CoStar CEO Andy Florance continues to go all scorched earth on Zillow, laying it on thick at the Inman show in Las Vegas. People seem to eat it up, but we continue to believe that this is not, for those who loathe Zillow, a “the enemy of my enemy is my friend” situation. CoStar did not make a play in residential to save realtors from the exactions of shady portals; they did it to make a shit-ton of money. Friendly reminder.

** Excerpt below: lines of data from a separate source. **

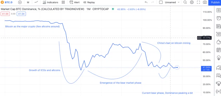 Doch zuerst etwas Perspektive! Wie erwähnt, war Bitcoin die erste Kryptowährung überhaupt. Sie wurde 2009 eingeführt und hielt damals 100 % des Kryptomarktanteils. Mit der Zeit tauchten andere Akteure auf. Litecoin, Ethereum und eine Flut von anderen Altcoins. Folglich begann die Bitcoin-Dominanz zu sinken. Nichtsdestotrotz dient Bitcoin weiterhin als Nummer eins Kennzahl zur Verfolgung der Gesamtmarktkapitalisierung. Anders ausgedrückt: Je mehr Token auf dem gesamten Markt effektiv Bitcoin sind, und desto verbreiteter ist die Anwendung, desto ‘dominanter’ ist Bitcoin. Dabei geht es auch um das subjektive Empfinden der Community wie etwa die Beliebtheit und das Vertrauen in seinen Wert.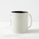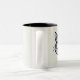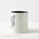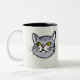 Simple two-tone mug with drawing of a grey tabby cat’s head with whiskers, grey grey silver striped striped hair fur, pink nose, white inside the ears, and golden yellow amber eyes.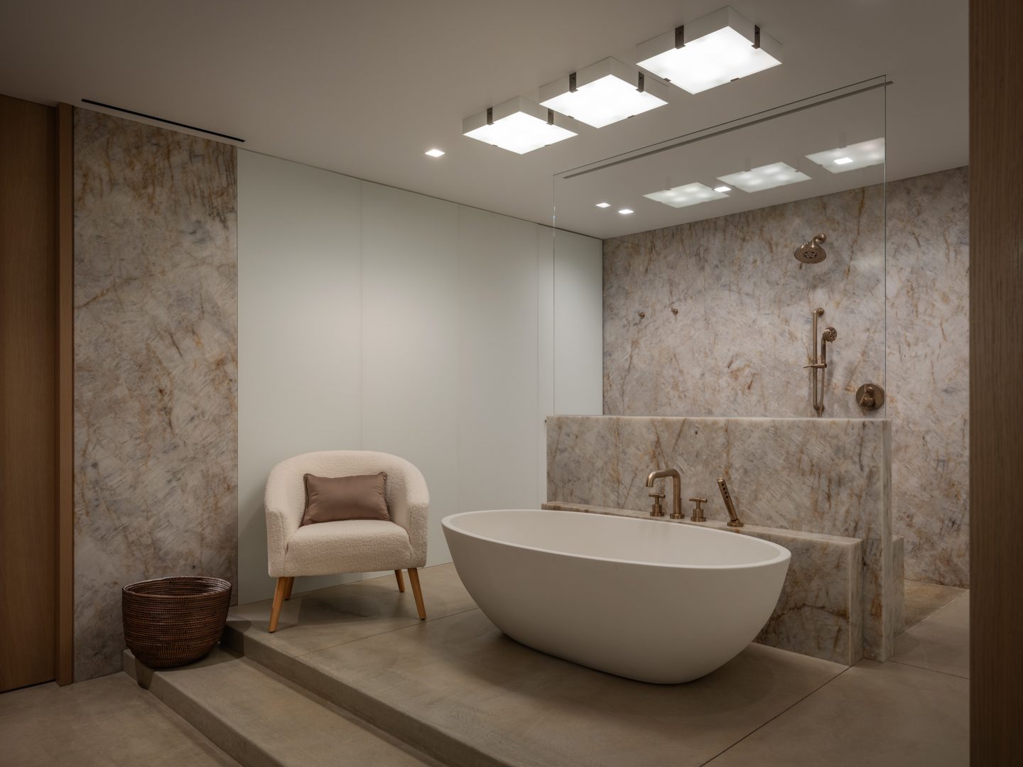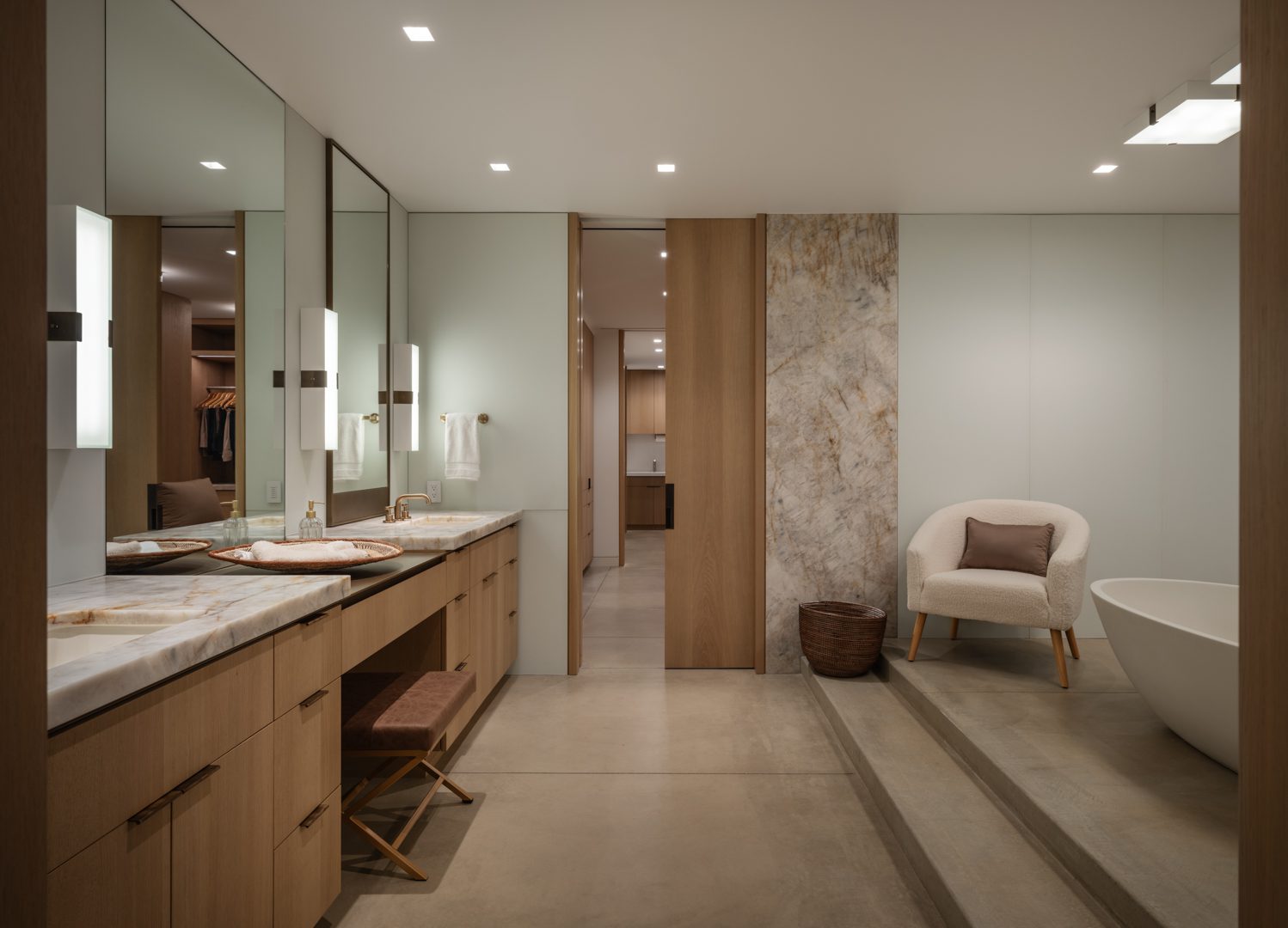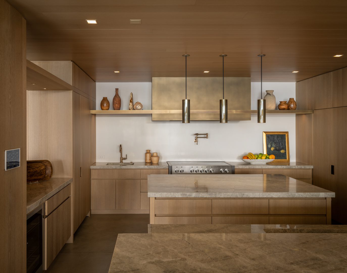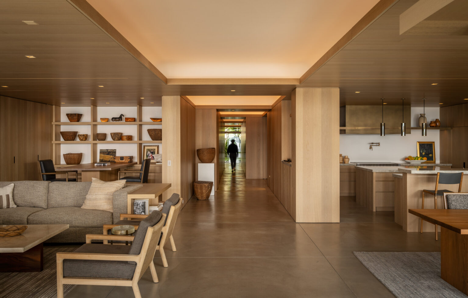 The interior palette – white oak panels and casework, warm-toned plaster walls, and lightly troweled concrete floors – echoes the natural tones of the Pacific Northwest while remaining neutral enough to serve as a backdrop for the dynamic play of light, water, and clouds outside.

Realogy seems to be getting serious about its iBuyer play, RealSure. First they cut a deal with Blackstone-owned Home Partners of America to handle acquisitions, then, last week, appointed a serious-looking CEO and hinted at direct-to-consumer advertising. Realogy made an iBuyer play in 2018 and the early reports we heard were, shall we say, mixed. The kinks are getting worked out.

 


Have You Heard About This?


 

 

Vintage Words With Friends
We had a lot of fun with this nifty time-travel engine Merriam-Webster released. Enter the year you were born and see a list of words that were first used in print that year. Some of our 1000watt team favorites: eye-candy, tiki bar, air guitar, yuppify, Chilean sea bass, moonwalk, technobabble, idiotproof, athleisure, digital nomad, mixtape, and couch potato. This was all the proof we needed that interesting words can lift moods and crack open our zoom fatigue.



What's Inside



We have a brand new 3 Things dropping this week featuring Adrienne Meisels, founder of myPlanit, that you won’t want to miss.

 

Did you read the Original Research on consumers’ luxury perceptions? Did the results surprise you? We’d love to hear what you think about it! Join the conversation in the LinkedIn group and tell us how we can make these reports better.

 

We’re doing a From the Source focus group with recent buyers this Wednesday. We’ll be digging into buyer agent commissions, awareness of “power buyer” companies, and more. If you have a question you’d like us to ask, just shoot it to us by replying to this email.

 

Inspiration Point


 
Firande — A Very Swedish Celebration
We watched the IKEA Festival that took place last month on the Swedish company’s global website. The festival featured home visits, home concerts, home cooking and more. You can still watch the highlights here. We’ve been studying the IKEA brand and were floored at how this event expressed so much of their big vision (“creating a better life for the many people”), and truly expressed a brand story that goes beyond “what we do,” i.e, sell inexpensive, Swedish-inspired furniture and housewares. So much of the big campaigns we see in real estate only go as deep as showing “what we do” — agents handing over keys, placing a “sold” onto a yard sign, and smiling with other smiling people. We’d love to see more IKEA-like approaches, and less selling of the furniture.

 

Not Just Another Sweater
By now, we’ve all heard about Facebook’s new plans for Metaverse. Aside from some typical social media snark and mockery around the accompanying name change, we surfaced this thread from Patagonia, doubling down on its boycott of Facebook last year. In it, CEO Ryan Gellert explains how the 16-month advertising boycott has impacted their business, and yet they will not let up until the company takes action to mitigate the harm its platform is creating. What’s fascinating about this thread are the comments from people professing their brand loyalty — like this one: “Even though I live in Florida…so not much need for most of what you sell, I ordered two sweaters from you because I so respect what you stand for!” This is what deep, strategic brand building can do. Having a point of view that’s real, felt and honored in everything your company does is not only good for your brand, it’s good for the greater cause you support. Profit’s important. But it alone doesn’t drive the sort of emotional connection Patagonia has created.

 

Quote of the week



“If the story is not great or if the story is not human, no technology will save you. Not today. Not anytime in the future.”